Your instructions: Exactly the lines from the line with "Gen. Pattonui Austrijoje" through the final line of the records below, both ends included, are to be set down. Do not include pictures.

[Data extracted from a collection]
+--
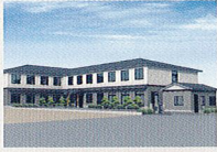
ハートランド 湖西
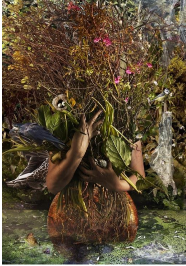
Resim 6. Christine Simpson, Ekofeminist Bir Sanatçının Portresi, Fotomontaj, 2019.

Çalışmadaki kadın figürü, kucakladığı doğa ve içinde barındırdığı canlılarla birlikte bir tür kurtuluş mücadelesi vermektedir. Kucaklayan, kapsayan ve yeniden doğumu içinde barındıran kadın bedeni, doğanın tüm şefkatini, maruz kaldığı saldırılara rağmen esirgememektedir. Ekofeminizmde öne çıkan kadının doğa sömürülerine karşı verdiği mücadele bu çalışmada temsili olarak bu figür aracılığıyla görünür kılınmıştır.
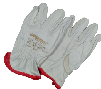
280008 LUIVA DE VAQUETA PETROLEIRA T9
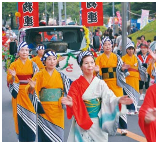
▲村上橋通りでは舞踊パレードがにぎやかに

翌12日の早朝には大雨にもかかわらず市民ボランティアなど885人が清掃を行い、1万580キログラムのごみが集められました。今回は萱田中学校、大和田中学校の生徒も参加。雨のなかでの作業になりましたが、ペットボトルやびん・缶の分別などに大活躍でした。
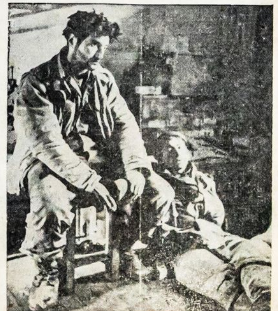
Karas yra sunkus, varginantis darbas. Čia parodomi du tipiški amerikiečiai po sunkaus žygio karo fronte.

Gen. Pattonui Austrijoje telieka 38 mylios susisiekti su Raudon. Armija.
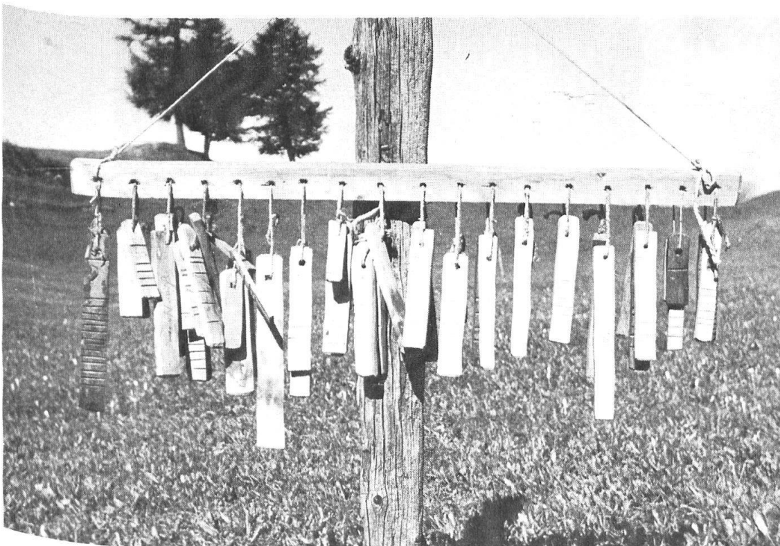
Abb. 31: Wassertesseln. Die 18 Löcher im Scheit entsprechen den 18 Kehren des Brentschenwassers. Jeder Kehr enthält 16 Guldi, die auf eine oder mehrere Familientesseln verteilt sind.
+--
The completed task:
Gen. Pattonui Austrijoje telieka 38 mylios susisiekti su Raudon. Armija.
Abb. 31: Wassertesseln. Die 18 Löcher im Scheit entsprechen den 18 Kehren des Brentschenwassers. Jeder Kehr enthält 16 Guldi, die auf eine oder mehrere Familientesseln verteilt sind.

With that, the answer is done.